-------- Data below
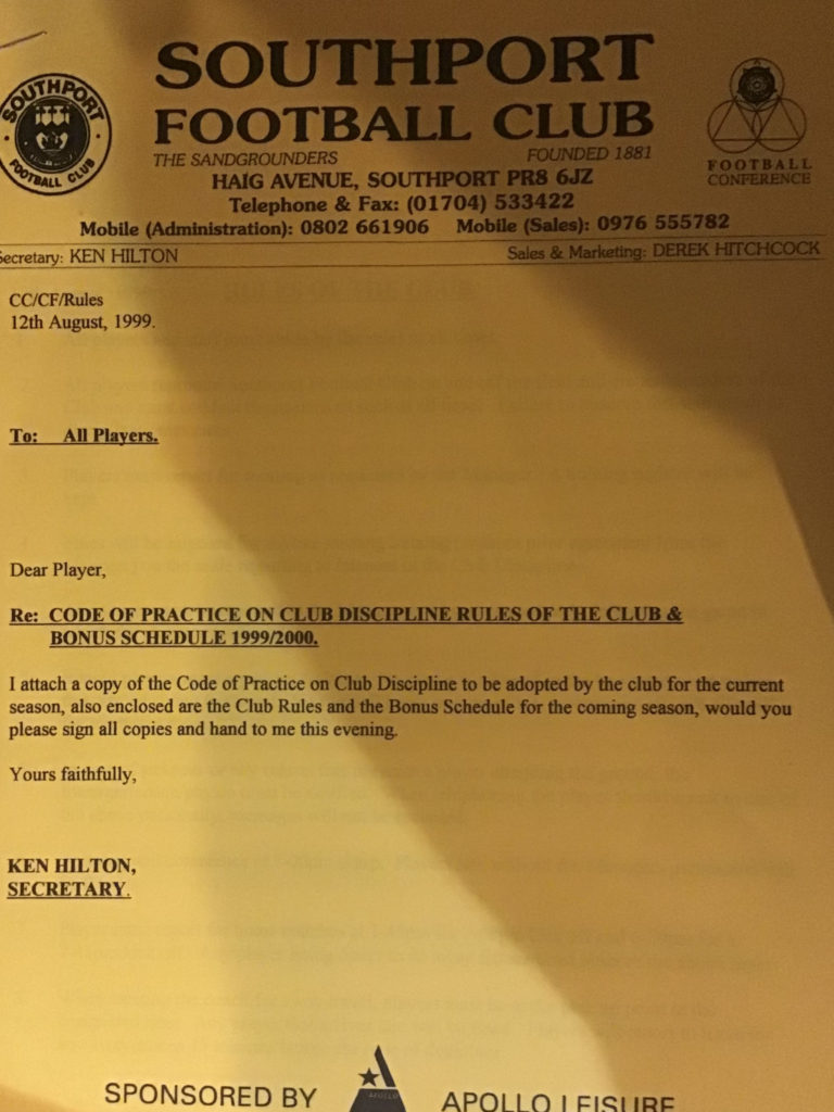A fascinating insight.. as issued to the players for the 1999/2000 season.
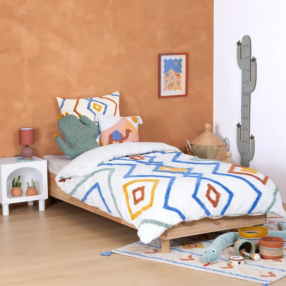 La parure de lit 2 pièces enfant « Adi » Atmosphera for kids est composée d’une housse de couette en coton lavé et d’une taie d’oreiller carrée qui équiperont un lit d’enfant de dimensions standards. Gaie et chaleureuse, cette parure de lit est surpiquée de motifs graphiques et colorés en coton tufté. 100 % coton lavé, 57 fils/cm2Motifs en coton tuftéFermeture de la housse de couette : 4 boutons Déballage et montage Lors de l’ouverture de votre colis, veillez à ne pas enfoncer une lame trop profondément pour éviter d’endommager le produit. Retirez les éléments de protection et d’emballage avec précaution, sans utiliser d’outils tranchants. Conservez l’emballage et la notice quelques jours en cas de retour ou de démontage. Consultez les consignes de tri de votre commune pour recycler correctement votre emballage. Conseils d’entretien La parure de lit 2 pièces enfant « Adi » est lavable en machine à 30°. Ne pas sécher en machine. Repassage à température moyenne (110°C à 150°C). Ne pas utiliser de produits de blanchiment. Ne pas nettoyer à sec.Dimensions produit : L.190 x l.137,7 x H.0,3 cmPoids : 1,4 Kg
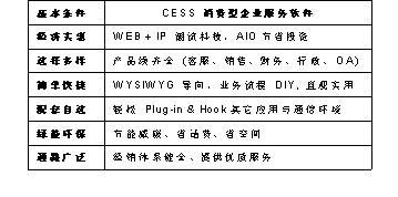 CESS消費型服務(wù)軟件具有經(jīng)濟(jì)實惠、選擇多樣、簡單快捷、配套自選、綠能環(huán)通路廣泛等特點,采用Web+IP的潮流科技,AIO節(jié)省投資,使軟件經(jīng)濟(jì)實惠;CESS軟件產(chǎn)品線齊全,涵蓋客服、銷售、財務(wù)、行政、OA等很多方面,給您多樣選擇;WYSIWYG(所見即所得)導(dǎo)向,業(yè)務(wù)流程DIY,讓您至需要動動鼠標(biāo)就可以DIY您想要得到的設(shè)計,不再需要麻煩IT人員,只管實用,簡單快捷;輕松Plug-in & Hook其它應(yīng)用與通信環(huán)境,可根據(jù)您的需要配套自選;節(jié)能減碳、省話費、省空間,綠色環(huán)保;經(jīng)銷體系健全、提供優(yōu)質(zhì)服務(wù),通路廣泛。
----------------
● **What the exercise asks**: Retype all of the listing above exactly, but keep its pictures out.

● **Written answer**:
A fascinating insight.. as issued to the players for the 1999/2000 season.
 La parure de lit 2 pièces enfant « Adi » Atmosphera for kids est composée d’une housse de couette en coton lavé et d’une taie d’oreiller carrée qui équiperont un lit d’enfant de dimensions standards. Gaie et chaleureuse, cette parure de lit est surpiquée de motifs graphiques et colorés en coton tufté. 100 % coton lavé, 57 fils/cm2Motifs en coton tuftéFermeture de la housse de couette : 4 boutons Déballage et montage Lors de l’ouverture de votre colis, veillez à ne pas enfoncer une lame trop profondément pour éviter d’endommager le produit. Retirez les éléments de protection et d’emballage avec précaution, sans utiliser d’outils tranchants. Conservez l’emballage et la notice quelques jours en cas de retour ou de démontage. Consultez les consignes de tri de votre commune pour recycler correctement votre emballage. Conseils d’entretien La parure de lit 2 pièces enfant « Adi » est lavable en machine à 30°. Ne pas sécher en machine. Repassage à température moyenne (110°C à 150°C). Ne pas utiliser de produits de blanchiment. Ne pas nettoyer à sec.Dimensions produit : L.190 x l.137,7 x H.0,3 cmPoids : 1,4 Kg
 CESS消費型服務(wù)軟件具有經(jīng)濟(jì)實惠、選擇多樣、簡單快捷、配套自選、綠能環(huán)通路廣泛等特點,采用Web+IP的潮流科技,AIO節(jié)省投資,使軟件經(jīng)濟(jì)實惠;CESS軟件產(chǎn)品線齊全,涵蓋客服、銷售、財務(wù)、行政、OA等很多方面,給您多樣選擇;WYSIWYG(所見即所得)導(dǎo)向,業(yè)務(wù)流程DIY,讓您至需要動動鼠標(biāo)就可以DIY您想要得到的設(shè)計,不再需要麻煩IT人員,只管實用,簡單快捷;輕松Plug-in & Hook其它應(yīng)用與通信環(huán)境,可根據(jù)您的需要配套自選;節(jié)能減碳、省話費、省空間,綠色環(huán)保;經(jīng)銷體系健全、提供優(yōu)質(zhì)服務(wù),通路廣泛。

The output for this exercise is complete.